O crescimento acelerado da população urbana produz nas cidades uma enorme demanda por terra urbanizada, seja para sediar as atividades econômicas, ou atender às necessidades de moradia. (RIGATTI, 2002, p.38). No Brasil, o parcelamento do solo é a modalidade mais comum de expansão de áreas urbanas, por meio da incorporação de novas áreas às urbanizadas, na forma de loteamentos e desmembramentos, regulamentado pela Lei Federal 6.766 de 1976.

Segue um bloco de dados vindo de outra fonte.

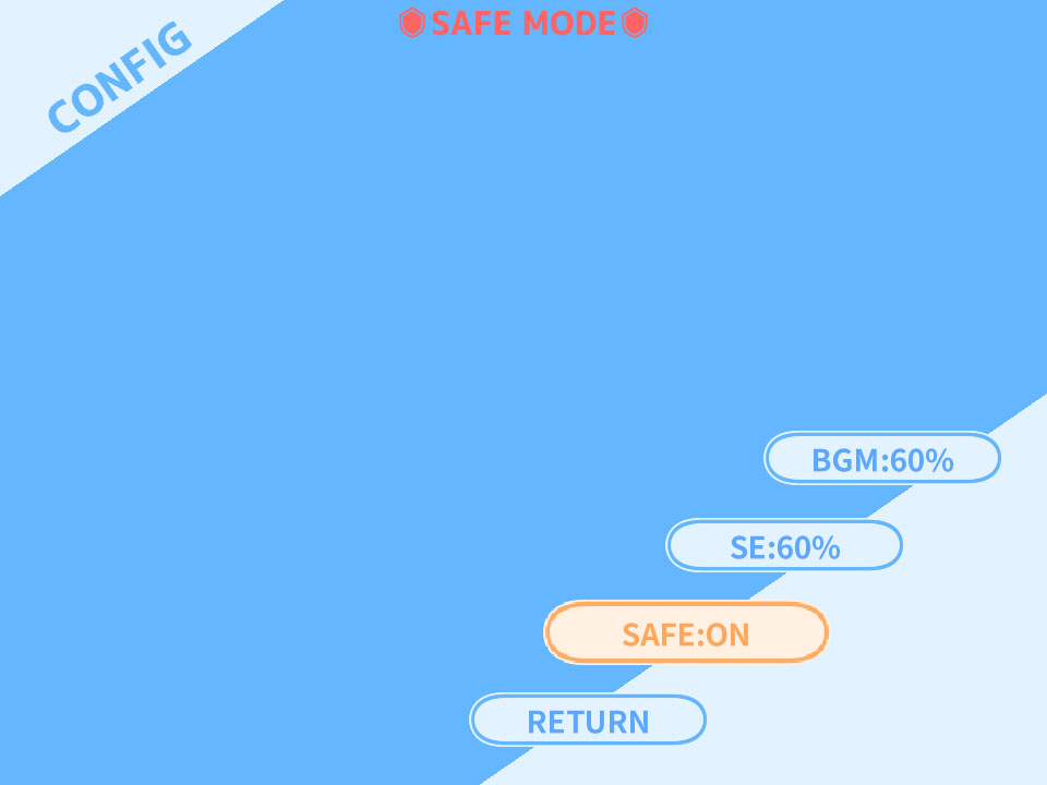 プレイを配信される場合、R15要素の低減にセーフモードも用意しています。「CONFIG」からどうぞ。
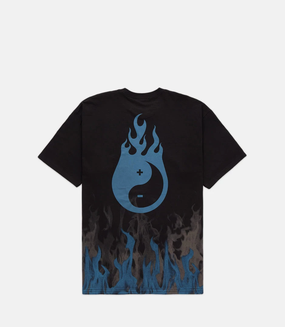 Stay in harmony with the natural order and find your balance with the Tao Tee. Custom panel print tee with graphics on the left chest and across the back.

A pluralização da paisagem urbana brasileira revela novas práticas socioespaciais, novas formas de diferenciação e segregação urbana e assinala uma fragmentação territorial e social da cidade. As mudanças no processo de urbanização no Brasil trazem consigo um novo modelo de segregação social e urbana que altera as relações entre espaços públicos e privados, com o surgimento de espaços de acesso público, porém de propriedade privada, como os shoppings centers. (REIS, 2006, p.12). Nesse sentido, um fenômeno urbano que contribui diretamente nesta diferenciação consiste na expansão urbana por condomínios e loteamentos fechados, presente com maior proeminência nas últimas décadas.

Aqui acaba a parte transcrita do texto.